▶ _What is needed_
Reproduce the data below in full and exclude every picture.

*** Data in this exercise Section Begins ***

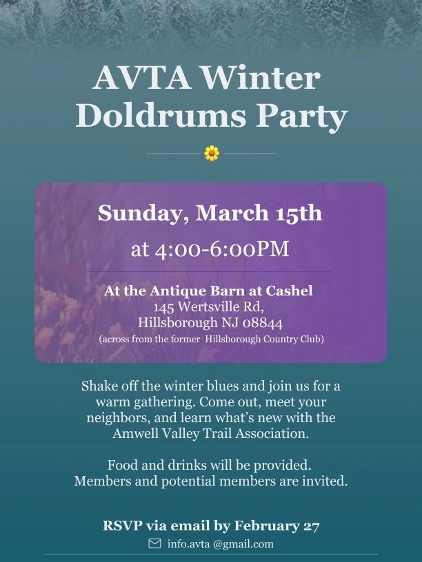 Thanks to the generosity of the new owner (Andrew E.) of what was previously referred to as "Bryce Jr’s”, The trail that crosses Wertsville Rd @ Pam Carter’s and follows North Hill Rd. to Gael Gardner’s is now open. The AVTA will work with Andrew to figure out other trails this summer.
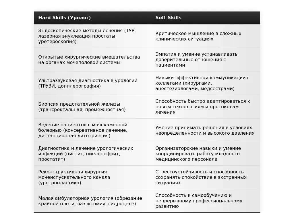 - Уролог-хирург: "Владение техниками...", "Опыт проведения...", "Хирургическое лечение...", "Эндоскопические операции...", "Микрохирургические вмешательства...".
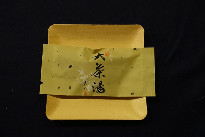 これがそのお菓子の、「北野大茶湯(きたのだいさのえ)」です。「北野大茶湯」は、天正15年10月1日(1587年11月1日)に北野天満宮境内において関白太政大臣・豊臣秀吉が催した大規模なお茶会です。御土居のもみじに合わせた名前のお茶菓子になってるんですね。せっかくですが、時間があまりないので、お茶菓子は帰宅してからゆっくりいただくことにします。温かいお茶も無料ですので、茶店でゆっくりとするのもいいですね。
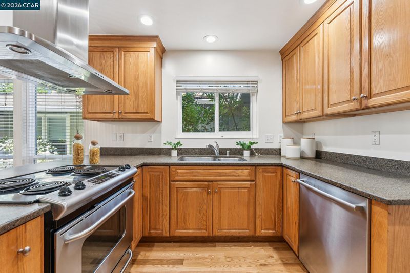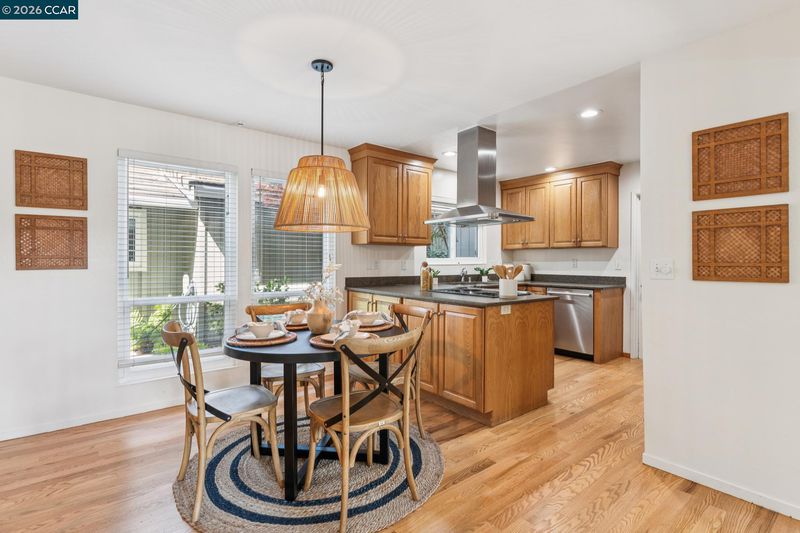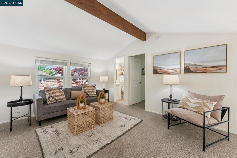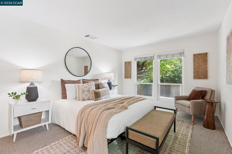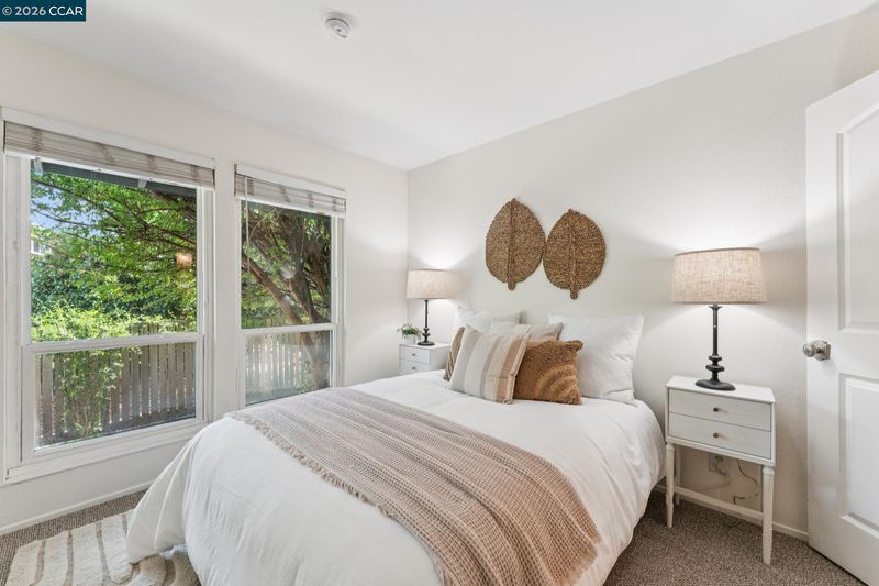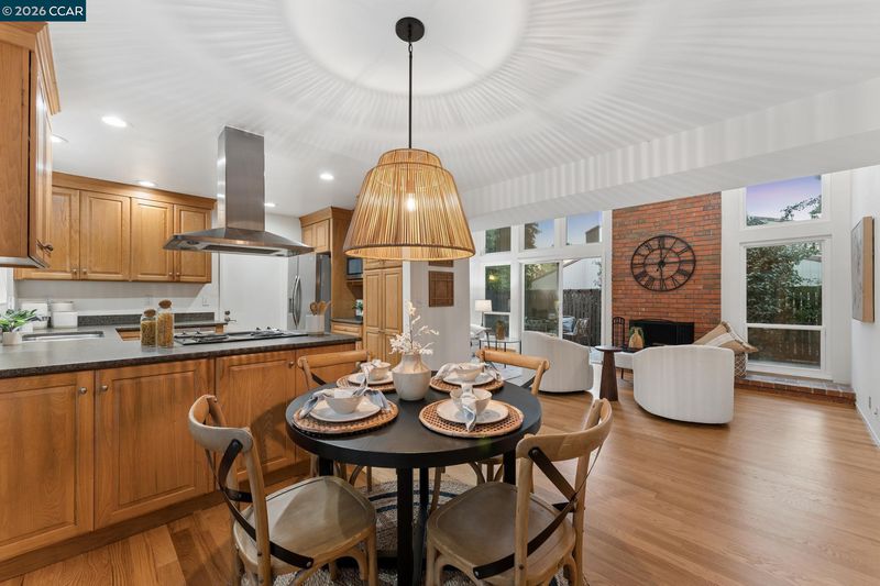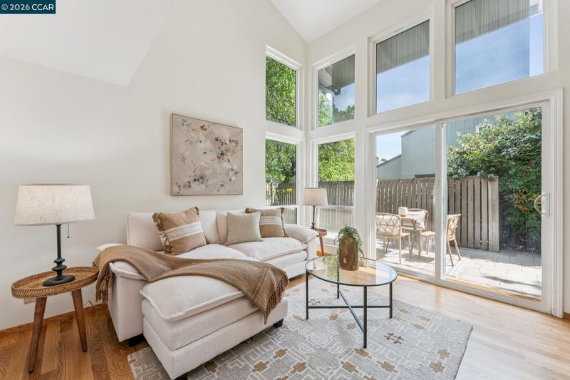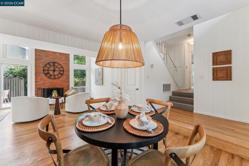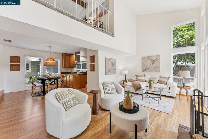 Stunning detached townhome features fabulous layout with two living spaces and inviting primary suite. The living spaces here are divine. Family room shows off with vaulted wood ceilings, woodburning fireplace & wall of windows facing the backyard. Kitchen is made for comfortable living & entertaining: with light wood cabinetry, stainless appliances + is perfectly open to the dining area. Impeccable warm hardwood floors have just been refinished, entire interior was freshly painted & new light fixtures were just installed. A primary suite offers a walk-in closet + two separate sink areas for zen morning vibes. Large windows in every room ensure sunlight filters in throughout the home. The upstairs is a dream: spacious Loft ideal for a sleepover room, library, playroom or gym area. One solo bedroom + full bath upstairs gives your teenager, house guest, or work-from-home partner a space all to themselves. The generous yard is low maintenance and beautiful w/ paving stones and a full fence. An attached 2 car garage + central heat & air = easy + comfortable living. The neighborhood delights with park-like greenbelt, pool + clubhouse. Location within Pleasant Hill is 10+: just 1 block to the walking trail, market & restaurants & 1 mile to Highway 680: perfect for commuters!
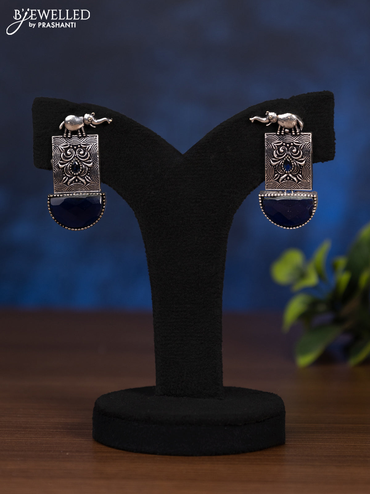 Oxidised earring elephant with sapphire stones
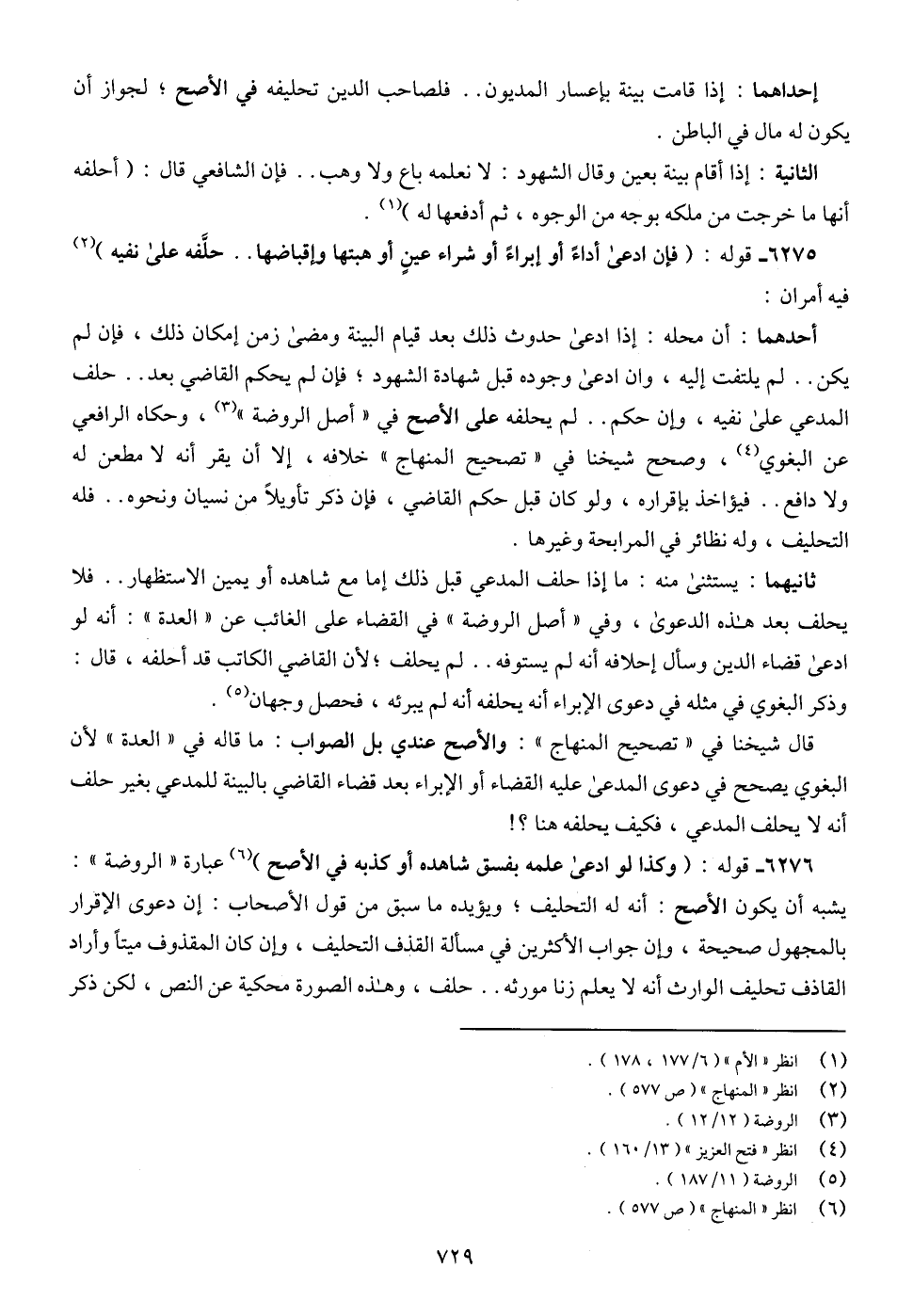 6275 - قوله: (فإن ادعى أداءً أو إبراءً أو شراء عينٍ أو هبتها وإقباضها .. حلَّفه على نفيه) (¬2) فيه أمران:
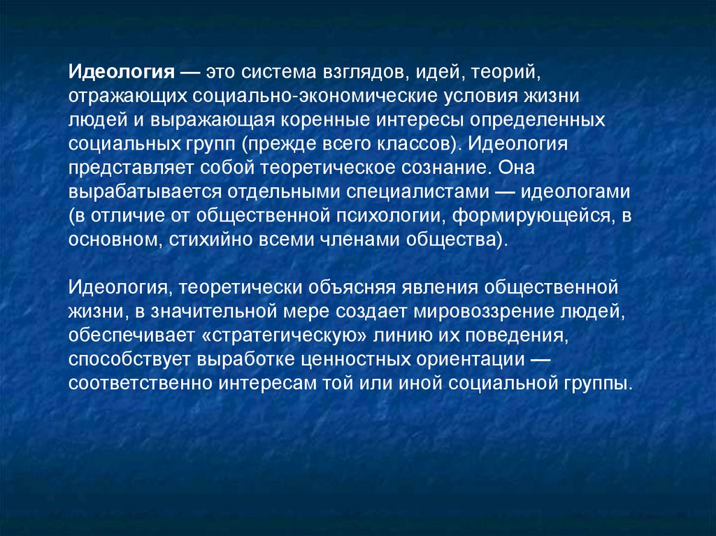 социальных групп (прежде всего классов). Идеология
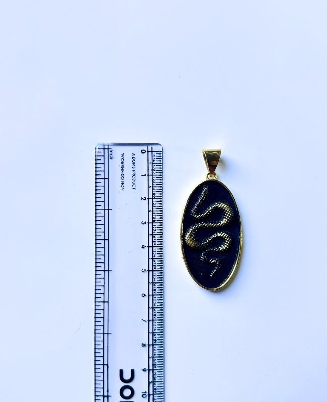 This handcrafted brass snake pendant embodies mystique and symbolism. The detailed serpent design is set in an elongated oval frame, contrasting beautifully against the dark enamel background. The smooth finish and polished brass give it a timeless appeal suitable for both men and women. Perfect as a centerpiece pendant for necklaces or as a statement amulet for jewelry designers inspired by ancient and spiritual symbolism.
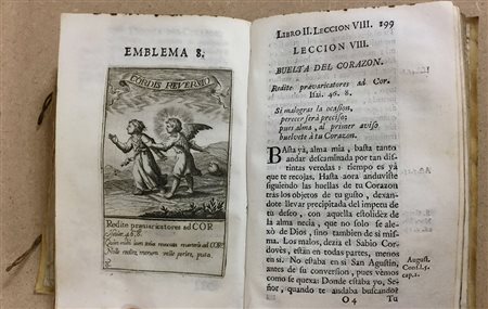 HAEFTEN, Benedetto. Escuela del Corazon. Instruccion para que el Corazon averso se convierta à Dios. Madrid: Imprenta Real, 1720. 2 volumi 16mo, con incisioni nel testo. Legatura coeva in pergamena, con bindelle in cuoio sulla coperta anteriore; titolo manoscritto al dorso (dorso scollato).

*** Data in this exercise Section Ends ***

▶ _Solution to this task_
 Thanks to the generosity of the new owner (Andrew E.) of what was previously referred to as "Bryce Jr’s”, The trail that crosses Wertsville Rd @ Pam Carter’s and follows North Hill Rd. to Gael Gardner’s is now open. The AVTA will work with Andrew to figure out other trails this summer.
 - Уролог-хирург: "Владение техниками...", "Опыт проведения...", "Хирургическое лечение...", "Эндоскопические операции...", "Микрохирургические вмешательства...".
 これがそのお菓子の、「北野大茶湯(きたのだいさのえ)」です。「北野大茶湯」は、天正15年10月1日(1587年11月1日)に北野天満宮境内において関白太政大臣・豊臣秀吉が催した大規模なお茶会です。御土居のもみじに合わせた名前のお茶菓子になってるんですね。せっかくですが、時間があまりないので、お茶菓子は帰宅してからゆっくりいただくことにします。温かいお茶も無料ですので、茶店でゆっくりとするのもいいですね。
 Stunning detached townhome features fabulous layout with two living spaces and inviting primary suite. The living spaces here are divine. Family room shows off with vaulted wood ceilings, woodburning fireplace & wall of windows facing the backyard. Kitchen is made for comfortable living & entertaining: with light wood cabinetry, stainless appliances + is perfectly open to the dining area. Impeccable warm hardwood floors have just been refinished, entire interior was freshly painted & new light fixtures were just installed. A primary suite offers a walk-in closet + two separate sink areas for zen morning vibes. Large windows in every room ensure sunlight filters in throughout the home. The upstairs is a dream: spacious Loft ideal for a sleepover room, library, playroom or gym area. One solo bedroom + full bath upstairs gives your teenager, house guest, or work-from-home partner a space all to themselves. The generous yard is low maintenance and beautiful w/ paving stones and a full fence. An attached 2 car garage + central heat & air = easy + comfortable living. The neighborhood delights with park-like greenbelt, pool + clubhouse. Location within Pleasant Hill is 10+: just 1 block to the walking trail, market & restaurants & 1 mile to Highway 680: perfect for commuters!
 Oxidised earring elephant with sapphire stones
 6275 - قوله: (فإن ادعى أداءً أو إبراءً أو شراء عينٍ أو هبتها وإقباضها .. حلَّفه على نفيه) (¬2) فيه أمران:
 социальных групп (прежде всего классов). Идеология
 This handcrafted brass snake pendant embodies mystique and symbolism. The detailed serpent design is set in an elongated oval frame, contrasting beautifully against the dark enamel background. The smooth finish and polished brass give it a timeless appeal suitable for both men and women. Perfect as a centerpiece pendant for necklaces or as a statement amulet for jewelry designers inspired by ancient and spiritual symbolism.
 HAEFTEN, Benedetto. Escuela del Corazon. Instruccion para que el Corazon averso se convierta à Dios. Madrid: Imprenta Real, 1720. 2 volumi 16mo, con incisioni nel testo. Legatura coeva in pergamena, con bindelle in cuoio sulla coperta anteriore; titolo manoscritto al dorso (dorso scollato).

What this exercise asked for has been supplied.